**Instructions for the task:** Although the data below contains pictures, please reproduce only its words, exactly.

**Entries provided:**
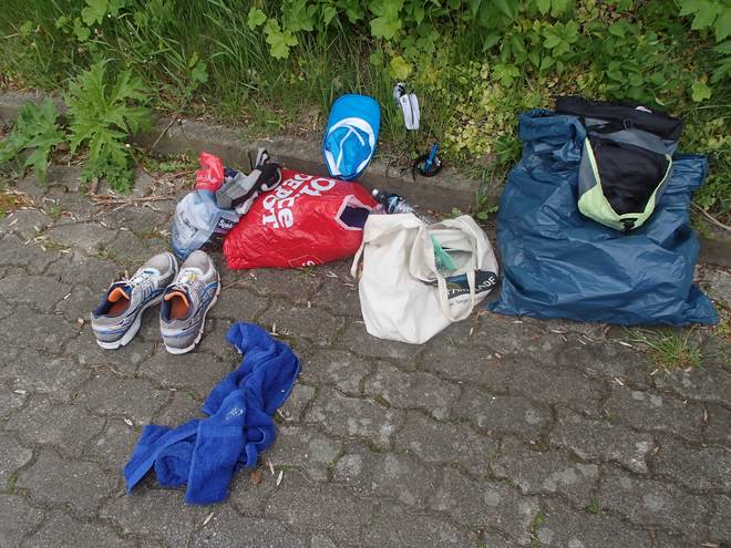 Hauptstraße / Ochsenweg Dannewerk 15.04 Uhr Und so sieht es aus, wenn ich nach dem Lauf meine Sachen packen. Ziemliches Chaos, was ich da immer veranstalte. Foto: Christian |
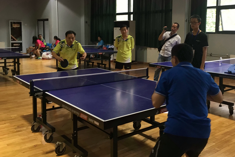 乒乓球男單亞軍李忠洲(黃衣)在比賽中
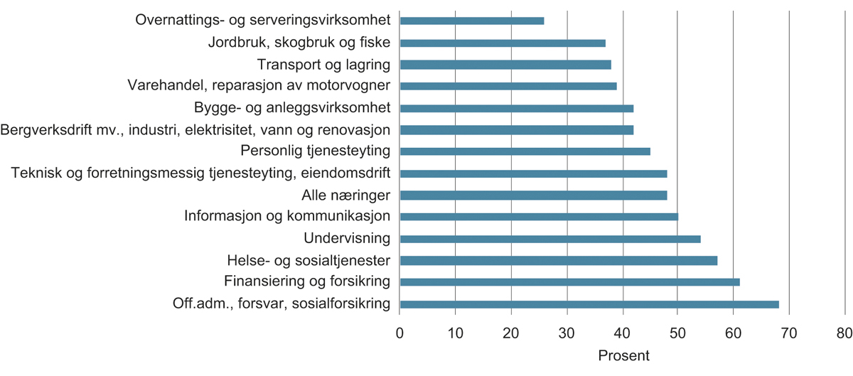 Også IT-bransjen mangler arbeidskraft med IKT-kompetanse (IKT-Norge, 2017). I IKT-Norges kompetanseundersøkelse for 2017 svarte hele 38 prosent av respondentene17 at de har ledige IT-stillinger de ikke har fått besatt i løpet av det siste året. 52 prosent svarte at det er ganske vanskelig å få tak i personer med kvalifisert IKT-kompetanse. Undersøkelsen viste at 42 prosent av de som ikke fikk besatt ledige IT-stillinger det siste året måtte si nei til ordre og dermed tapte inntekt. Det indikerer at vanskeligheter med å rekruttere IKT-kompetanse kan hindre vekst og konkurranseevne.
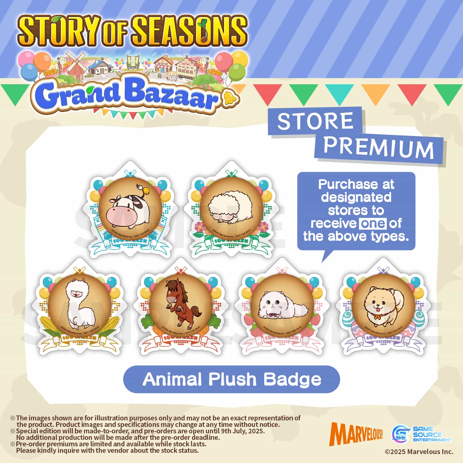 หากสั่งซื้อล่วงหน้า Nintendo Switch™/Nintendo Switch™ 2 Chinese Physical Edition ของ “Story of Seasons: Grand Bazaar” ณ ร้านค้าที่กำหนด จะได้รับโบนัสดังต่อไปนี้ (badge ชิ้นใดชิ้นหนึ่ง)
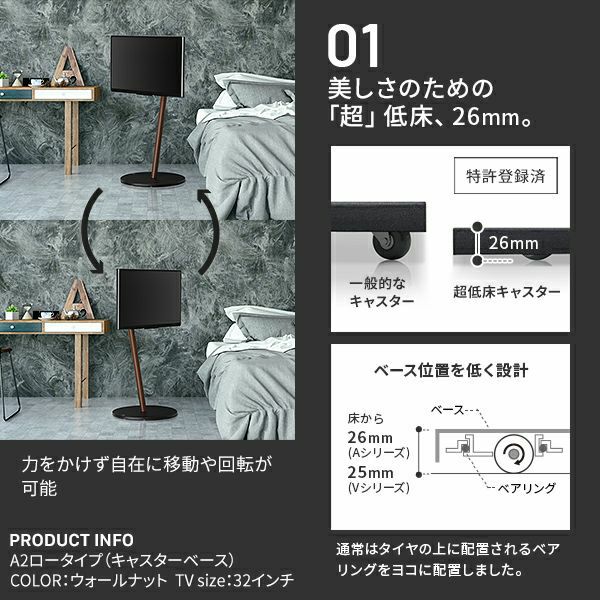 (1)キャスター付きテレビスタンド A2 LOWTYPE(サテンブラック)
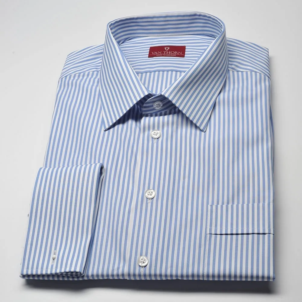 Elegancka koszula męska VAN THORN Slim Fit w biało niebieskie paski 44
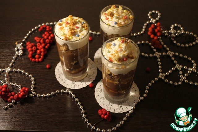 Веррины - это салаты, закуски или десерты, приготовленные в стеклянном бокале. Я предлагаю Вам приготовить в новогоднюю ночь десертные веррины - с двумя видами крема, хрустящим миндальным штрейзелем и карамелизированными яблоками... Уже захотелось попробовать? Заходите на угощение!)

**Exercise solution:**
 Hauptstraße / Ochsenweg Dannewerk 15.04 Uhr Und so sieht es aus, wenn ich nach dem Lauf meine Sachen packen. Ziemliches Chaos, was ich da immer veranstalte. Foto: Christian |
 乒乓球男單亞軍李忠洲(黃衣)在比賽中
 Også IT-bransjen mangler arbeidskraft med IKT-kompetanse (IKT-Norge, 2017). I IKT-Norges kompetanseundersøkelse for 2017 svarte hele 38 prosent av respondentene17 at de har ledige IT-stillinger de ikke har fått besatt i løpet av det siste året. 52 prosent svarte at det er ganske vanskelig å få tak i personer med kvalifisert IKT-kompetanse. Undersøkelsen viste at 42 prosent av de som ikke fikk besatt ledige IT-stillinger det siste året måtte si nei til ordre og dermed tapte inntekt. Det indikerer at vanskeligheter med å rekruttere IKT-kompetanse kan hindre vekst og konkurranseevne.
 หากสั่งซื้อล่วงหน้า Nintendo Switch™/Nintendo Switch™ 2 Chinese Physical Edition ของ “Story of Seasons: Grand Bazaar” ณ ร้านค้าที่กำหนด จะได้รับโบนัสดังต่อไปนี้ (badge ชิ้นใดชิ้นหนึ่ง)
 (1)キャスター付きテレビスタンド A2 LOWTYPE(サテンブラック)
 Elegancka koszula męska VAN THORN Slim Fit w biało niebieskie paski 44
 Веррины - это салаты, закуски или десерты, приготовленные в стеклянном бокале. Я предлагаю Вам приготовить в новогоднюю ночь десертные веррины - с двумя видами крема, хрустящим миндальным штрейзелем и карамелизированными яблоками... Уже захотелось попробовать? Заходите на угощение!)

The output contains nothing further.